### Problem to solve
Retype exactly the span of lines below from the one with "李晓媛主席将防暑礼品一一交到" through the one with "会议开始,支部书记刘梦丽同志". Do not include pictures.

### Listed entries
==============================

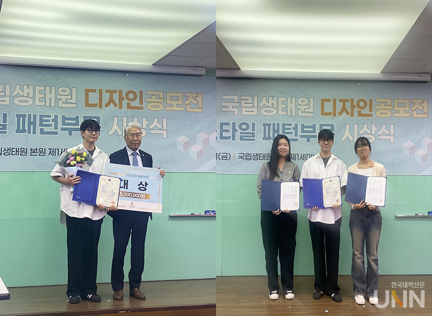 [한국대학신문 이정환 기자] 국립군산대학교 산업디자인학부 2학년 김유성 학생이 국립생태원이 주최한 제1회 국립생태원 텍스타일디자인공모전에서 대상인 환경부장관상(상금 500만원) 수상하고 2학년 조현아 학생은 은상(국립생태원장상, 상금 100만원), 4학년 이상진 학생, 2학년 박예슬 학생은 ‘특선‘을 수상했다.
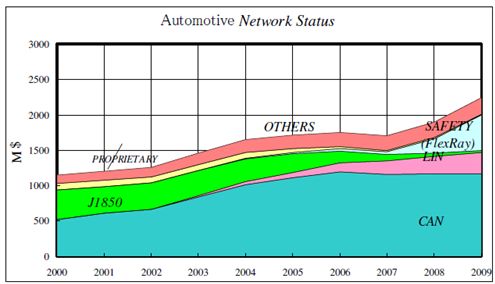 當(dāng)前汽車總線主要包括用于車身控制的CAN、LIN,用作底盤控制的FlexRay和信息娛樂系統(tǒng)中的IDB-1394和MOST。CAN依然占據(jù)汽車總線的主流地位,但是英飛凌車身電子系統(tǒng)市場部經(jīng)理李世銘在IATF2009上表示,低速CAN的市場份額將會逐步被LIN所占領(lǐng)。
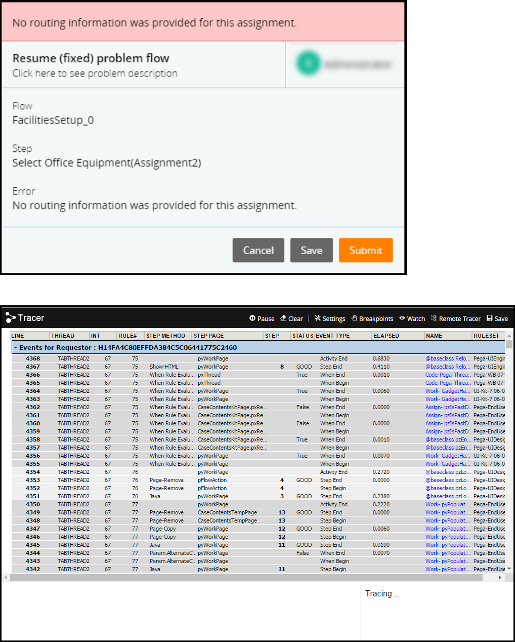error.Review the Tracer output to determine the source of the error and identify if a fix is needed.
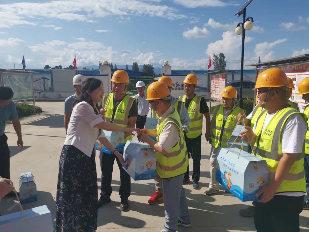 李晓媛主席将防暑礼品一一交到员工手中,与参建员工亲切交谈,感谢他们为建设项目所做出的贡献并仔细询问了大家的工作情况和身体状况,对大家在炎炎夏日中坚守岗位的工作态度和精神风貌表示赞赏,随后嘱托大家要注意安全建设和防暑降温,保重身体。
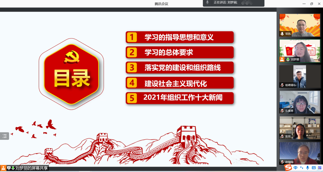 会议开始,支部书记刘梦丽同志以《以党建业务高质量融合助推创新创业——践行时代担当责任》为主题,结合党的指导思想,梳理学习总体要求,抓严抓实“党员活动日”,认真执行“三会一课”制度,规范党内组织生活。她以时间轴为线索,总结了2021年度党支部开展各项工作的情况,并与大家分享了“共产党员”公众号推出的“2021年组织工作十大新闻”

==============================

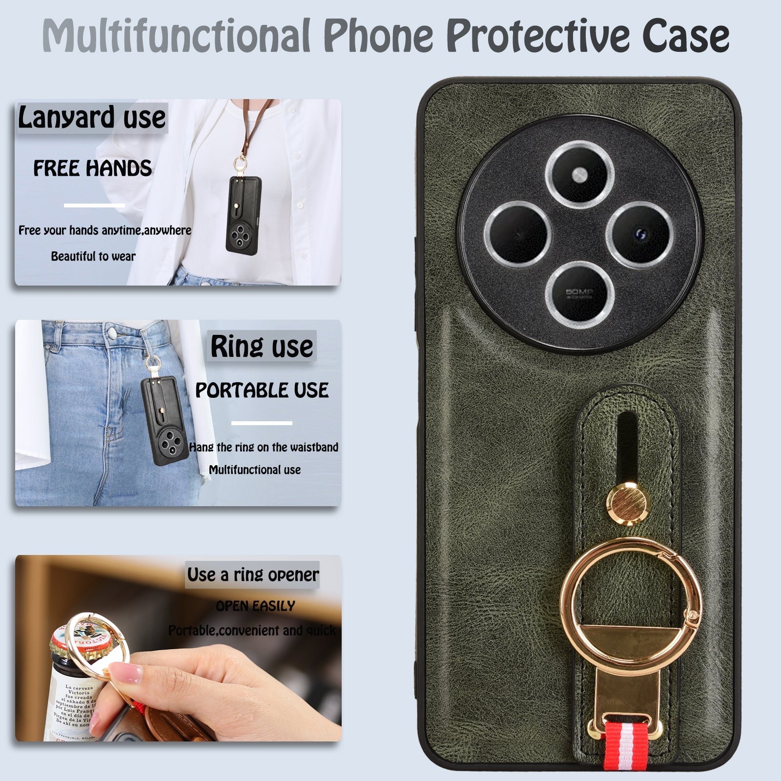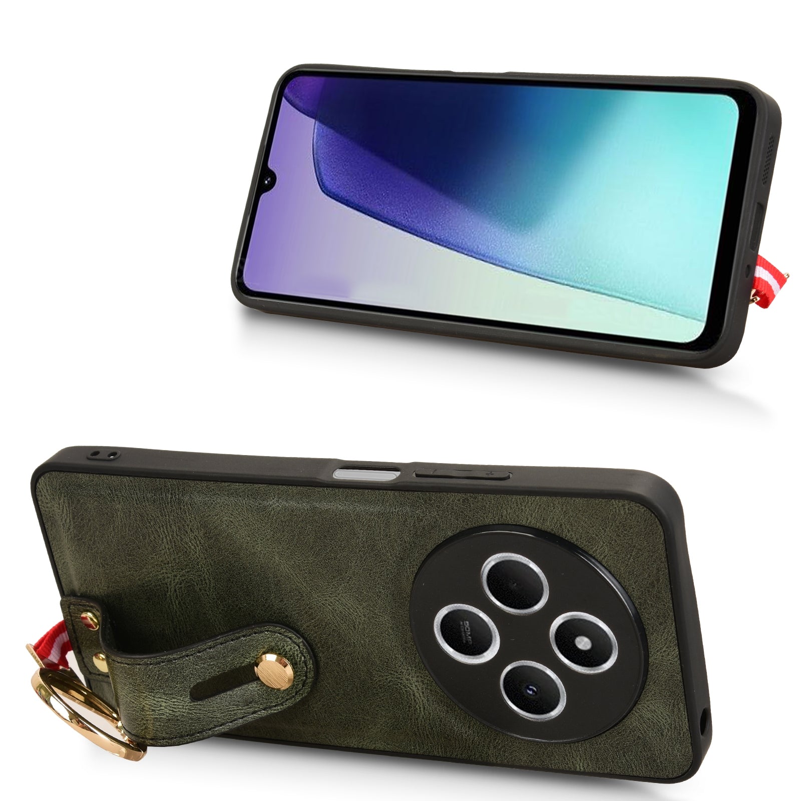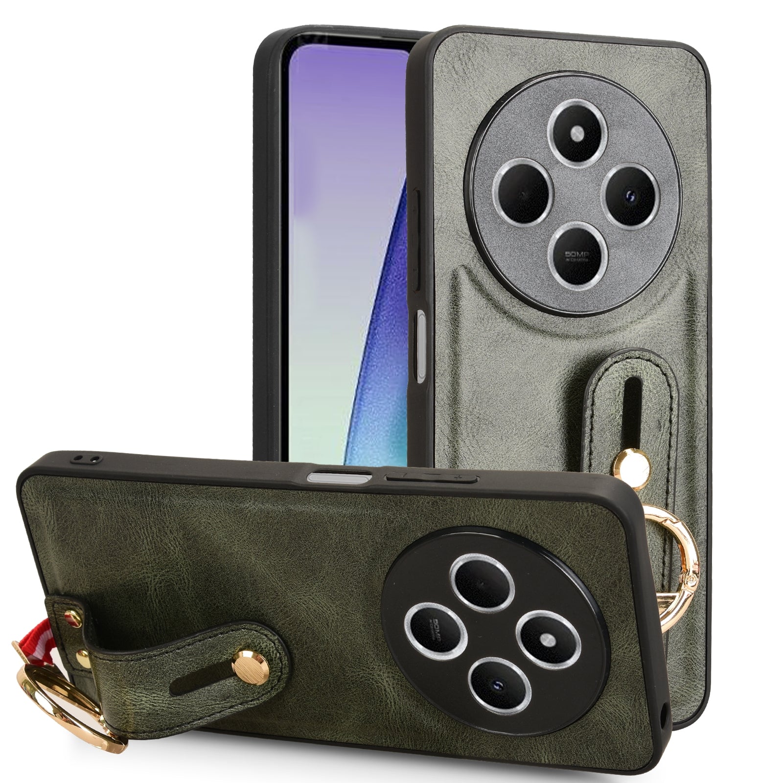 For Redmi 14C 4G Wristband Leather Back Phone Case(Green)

==============================

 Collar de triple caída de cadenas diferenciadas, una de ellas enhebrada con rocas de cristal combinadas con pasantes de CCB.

==============================

### Solution for this task
 李晓媛主席将防暑礼品一一交到员工手中,与参建员工亲切交谈,感谢他们为建设项目所做出的贡献并仔细询问了大家的工作情况和身体状况,对大家在炎炎夏日中坚守岗位的工作态度和精神风貌表示赞赏,随后嘱托大家要注意安全建设和防暑降温,保重身体。
 会议开始,支部书记刘梦丽同志以《以党建业务高质量融合助推创新创业——践行时代担当责任》为主题,结合党的指导思想,梳理学习总体要求,抓严抓实“党员活动日”,认真执行“三会一课”制度,规范党内组织生活。她以时间轴为线索,总结了2021年度党支部开展各项工作的情况,并与大家分享了“共产党员”公众号推出的“2021年组织工作十大新闻”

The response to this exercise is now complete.